As the last coal plants in Colorado shut down, nuclear power proponents are campaigning to replace them with nuclear reactors. An advisory committee for the city of Pueblo recommended that Xcel replace its Comanche 3 coal plant with an “advanced nuclear power plant.” Bolstering that effort, the Colorado Legislature recently passed a bill redefining nuclear as a “clean energy resource.”

Colorado’s only experience with nuclear power was not a good one. The Fort St. Vrain reactor near Platteville operated from 1979 until 1989, when it was shut down due to safety problems. It took three years to decommission the plant at a cost of $125 million, which, like the $200 million of plant costs, was passed on to Xcel ratepayers. A special facility has stored 244 canisters containing the reactor’s high-level radioactive waste for the past 36 years. Ultimately, they will need to be transported over Colorado roads to an as yet unidentified deep geologic site to be stored for thousands of years.

Should Colorado give nuclear power a second look? I argue no for three key reasons.

High cost and high risk

According to the financial firm Lazard, the cost of the electricity produced by a nuclear power plant (in dollars per kilowatt-hour) is three times that of solar and wind. The only new reactors recently built in the U.S., Vogtle Units 3 and 4, were completed seven years behind schedule at a cost of $36.8 billion — more than two and a half times the original budget. That high cost has resulted in higher electricity bills for Georgia Power ratepayers.

There is much talk today about developing new, untested small modular reactors, or SMRs (defined as 300 megawatts or smaller in size) to ostensibly lower the cost, and this is the technology being promoted in Pueblo. The problem here is that virtually anything — be it a power plant or a container of pretzels from Costco — is cheaper per unit item the bigger it is. Nuclear plants have gotten much larger over time because of this economy of scale. The Vogtle units are each 1,100 MW. A 300 MW plant will have a higher capital construction cost per kilowatt, and its delivered electricity cost will also be significantly higher. The one SMR design approved by the Nuclear Regulatory Commission, NuScale, which was scheduled to be built in Idaho, was canceled because its projected capital cost had risen to $20,000 per kilowatt — more than 10 times that of utility-scale solar with battery storage.

Very long lead times

The total time from concept to operation for a new nuclear power plant is about 15 years, compared to solar and wind plants, which take one to two years. Fifteen years is a long time to wait to address climate change and air pollution. And during that time, you could spend far less money deploying solar and wind and preventing all those emissions.

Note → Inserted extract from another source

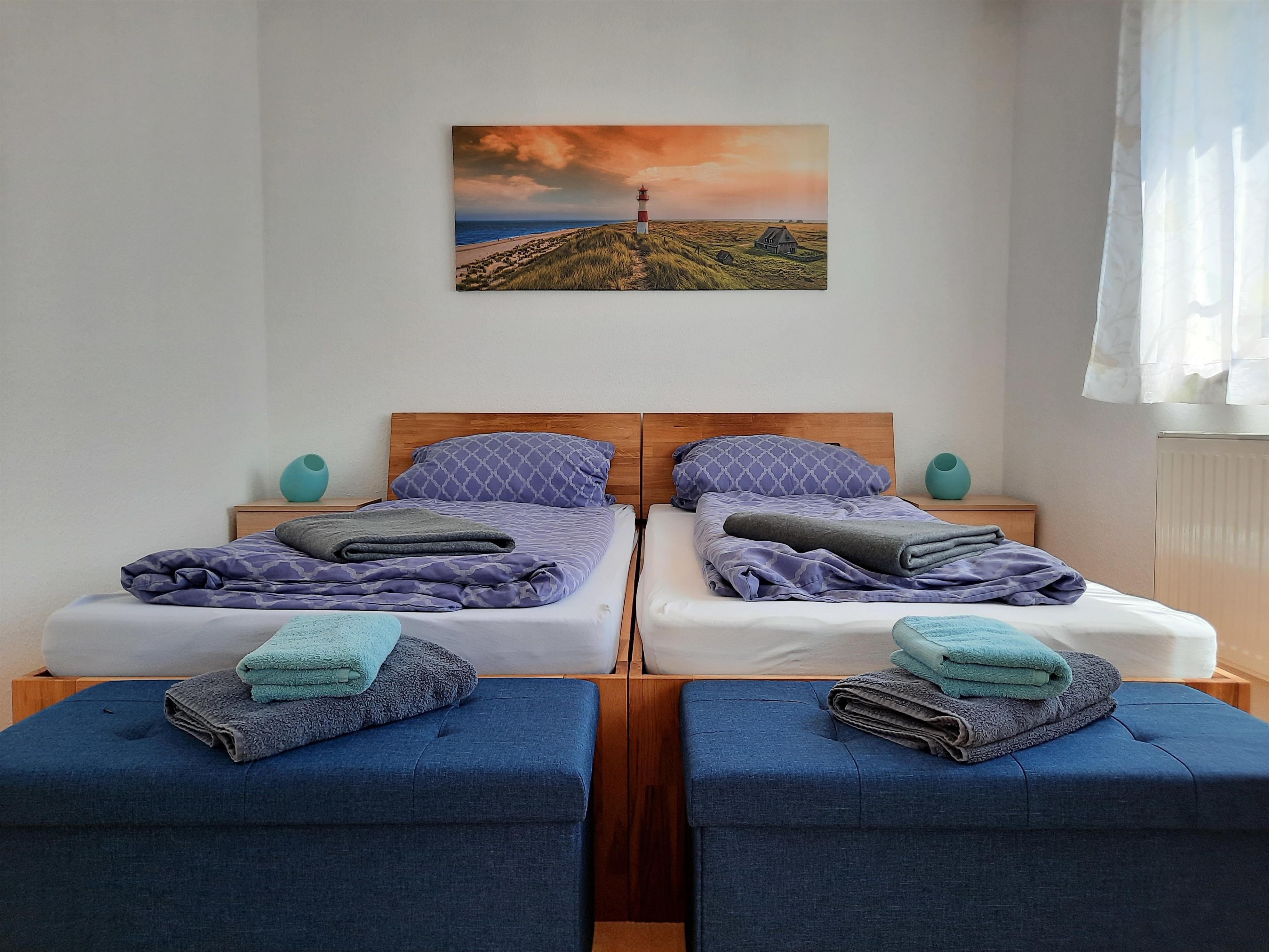 Das Ferienhaus verfügt über vier Schlafzimmer und zwei voll ausgestattete Badezimmer. Im Erdgeschoss befindet sich ein Schlafzimmer für zwei Personen, das wahlweise mit einem Doppelbett oder zwei Einzelbetten eingerichtet werden kann. Ebenso befindet sich im Erdgeschoss ein barrierearmes Duschbad, das auch für Gäste mit eingeschränkter Mobilität geeignet ist. Im Obergeschoss liegen drei weitere Schlafzimmer. Ein Zimmer ist für zwei Personen vorgesehen, zwei weitere Zimmer bieten Platz für jeweils drei Personen. Alle Betten können je nach Wunsch als Einzel- oder Doppelbetten gestellt werden. Die gewünschte Konfiguration kann im Vorfeld mit dem Gastgeber abgestimmt werden.
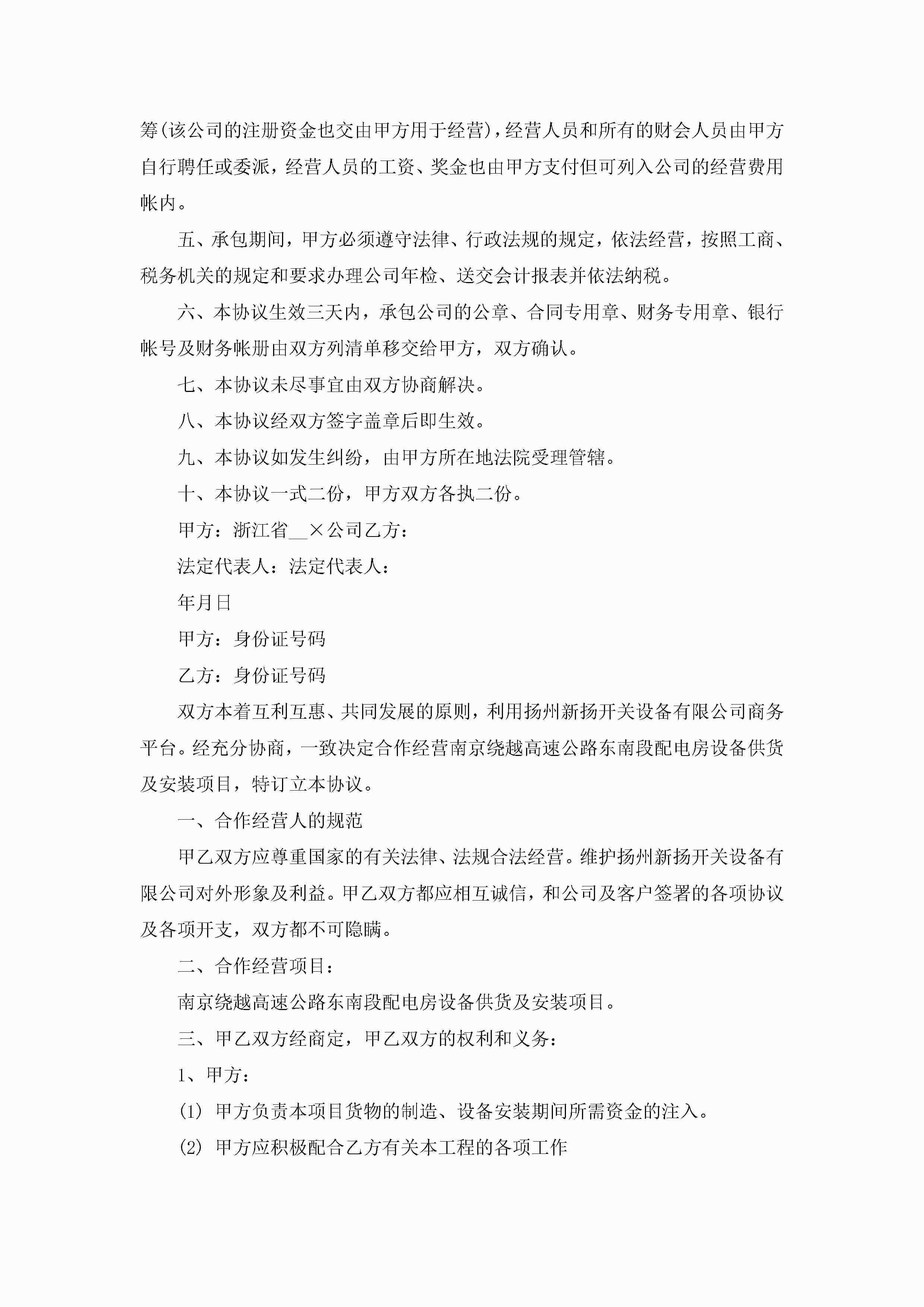 承包经营合同简短模板jugei3月23日 01:35发布关注206 承包经营合同简短模板此内容为付费资源,请付费后查看¥10.9 单篇文档限时特惠¥15个人会员开通企业会员开通立即下载无需登陆!可直接快捷下载单个模板付费资源© 版权声明THE ENDWord模板# 实用文档# 实用模板# 合同模板# 承包合同 如有问题,可点击最底部“联系我们”联系客服 分享QQ空间微博QQ好友海报分享复制链接收藏

Bad fit for Colorado’s renewables-based electric grid

Nuclear proponents argue that because nuclear plants run 24 hours a day, they can fill in the gaps when solar and wind are not available. But let’s take a closer look at that claim. Xcel plans to provide 80 percent of its electricity from solar and wind in just the next five years. Although Colorado is very sunny year-round, grid operators must be prepared for occasional “dark lull” periods of four days or more when local solar and wind resources are limited by the weather. Xcel plans to burn stored natural gas in low-cost combustion turbines during these brief periods.

Now imagine if new nuclear power plants come onto the grid in 15 years. Like all nuclear plants in the U.S., they will need to be run at full power 24 hours a day to sell enough electricity to pay off their high debt. So, what happens when an occasional dark lull occurs, and solar and wind power drop off? The utility won’t be able to boost nuclear plant output because it will already be at full power. Furthermore, because it will duplicate power already being provided by solar and wind, it will cause that renewable electricity to be wastefully curtailed.

Nuclear power is too costly, too risky and too slow to deploy. And not only would nuclear power not support renewable energy generators on the grid, it would also actually work against these clean, low-cost technologies.